>>>>>
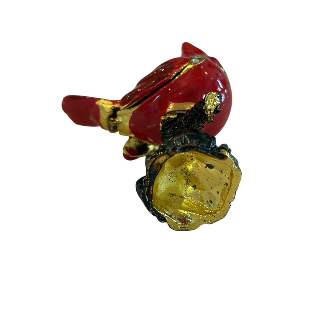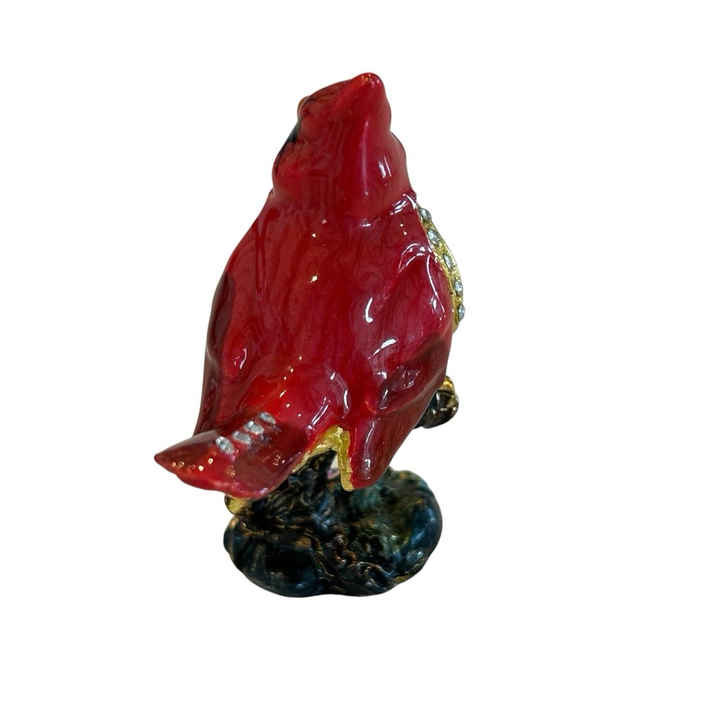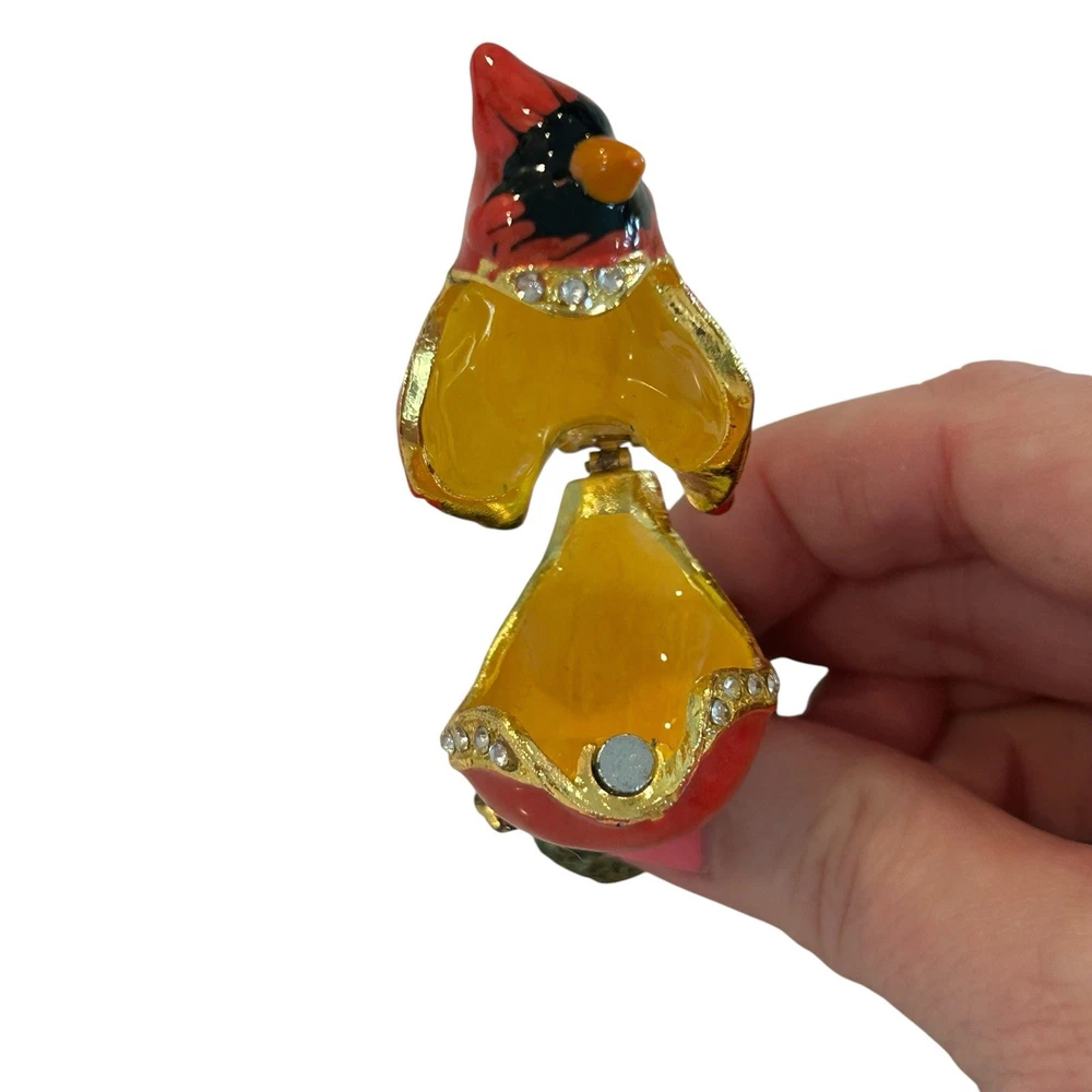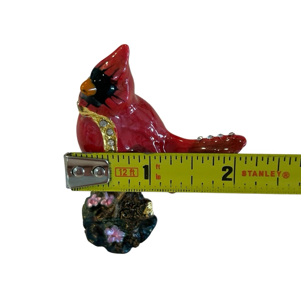 Cardinal Jewelled Trinket Box Magnetic Closure Enameled Floral Rhinestones. Good pre-owned condition with normal wear, small dark spot on beak, small enamel wear spot on front of bird, see photos for details. Measurements in photos and are approximate. (113)
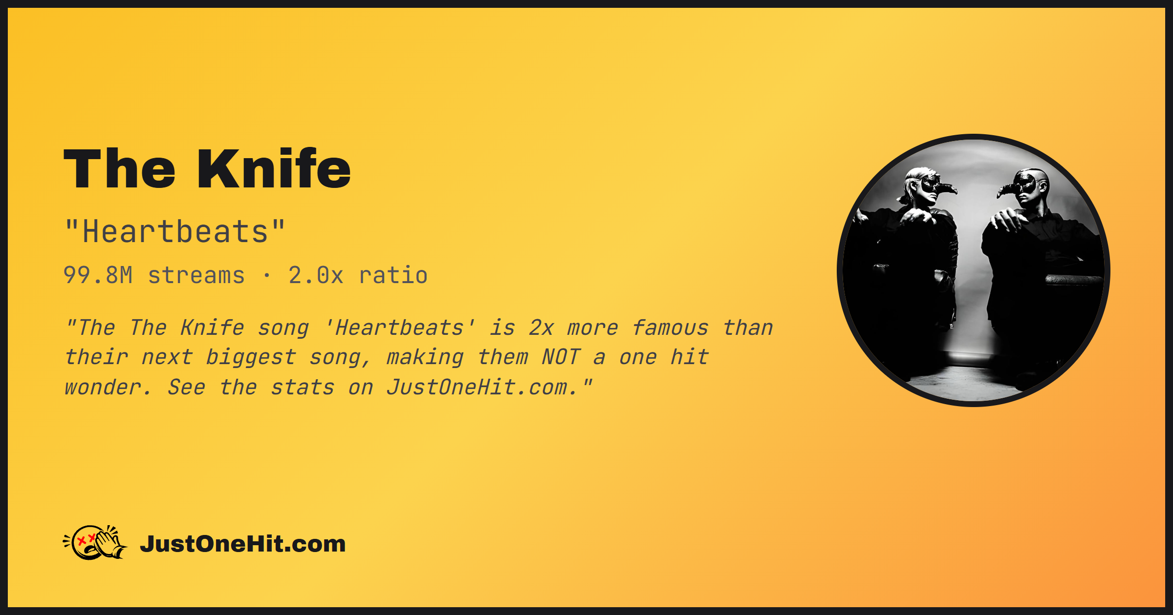 "The The Knife song 'Heartbeats' is 2x more famous than their next biggest song, making them NOT a one hit wonder. See the stats on JustOneHit.com."
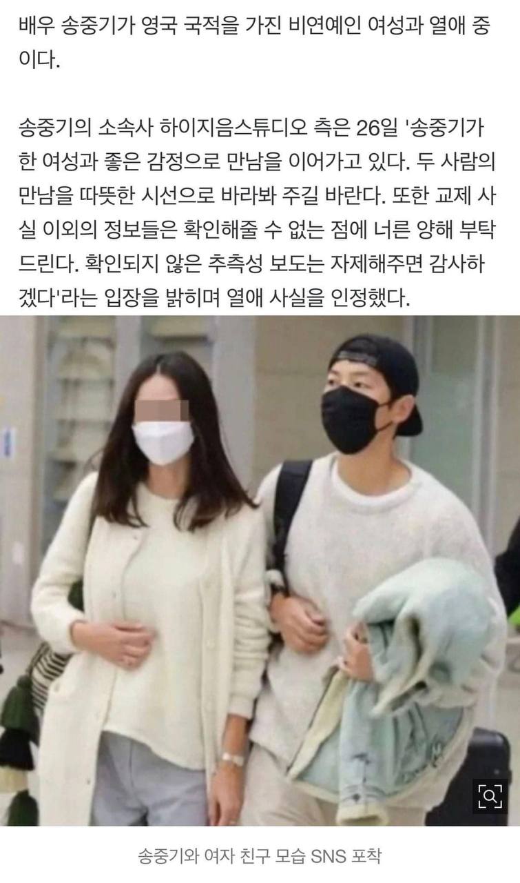 កាលពីព្រឹកមិញថ្ងៃទី ២៦ ខែ ធ្នូ ឆ្នាំ​ ២០២២ ផលិតកម្ម HighZium ដែលជាទ្រនំរបស់តារាប្រុស Song Joongki បានប្រកាសជាផ្លូវការថា៖ ពេលនេះរូបលោកកំពុងមានទំនាក់ទំនងស្នេហាជាមួយតារានារីក្រៅសិល្បៈម្នាក់ ខណៈរូបនាងជាជនជាតិបរទេស។
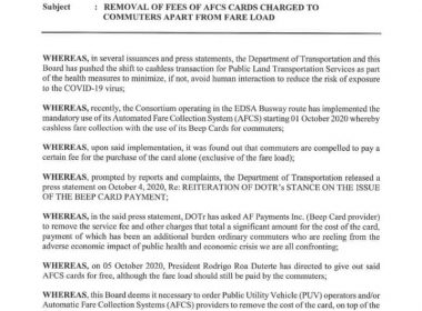 (Eagle News)–The Land Transportation Franchising and Regulatory Board has ordered all public utility vehicle operators and automatic fare collection system (AFCS) operators to remove any charges or fees for the purchase of cards for fare payment on top of the initial load. The LTFRB issued the directive in memorandum circular number 2020-057 after President Rodrigo Duterte said beep cards used in the Edsa bus system should be free. In calling for this, the President noted […]
<<<<<
Copy nothing but the lines from the line that contains "កាលពីព្រឹកមិញថ្ងៃទី ២៦ ខែ" through the end of the listing, exactly, and keep pictures out of it.

 កាលពីព្រឹកមិញថ្ងៃទី ២៦ ខែ ធ្នូ ឆ្នាំ​ ២០២២ ផលិតកម្ម HighZium ដែលជាទ្រនំរបស់តារាប្រុស Song Joongki បានប្រកាសជាផ្លូវការថា៖ ពេលនេះរូបលោកកំពុងមានទំនាក់ទំនងស្នេហាជាមួយតារានារីក្រៅសិល្បៈម្នាក់ ខណៈរូបនាងជាជនជាតិបរទេស។
 (Eagle News)–The Land Transportation Franchising and Regulatory Board has ordered all public utility vehicle operators and automatic fare collection system (AFCS) operators to remove any charges or fees for the purchase of cards for fare payment on top of the initial load. The LTFRB issued the directive in memorandum circular number 2020-057 after President Rodrigo Duterte said beep cards used in the Edsa bus system should be free. In calling for this, the President noted […]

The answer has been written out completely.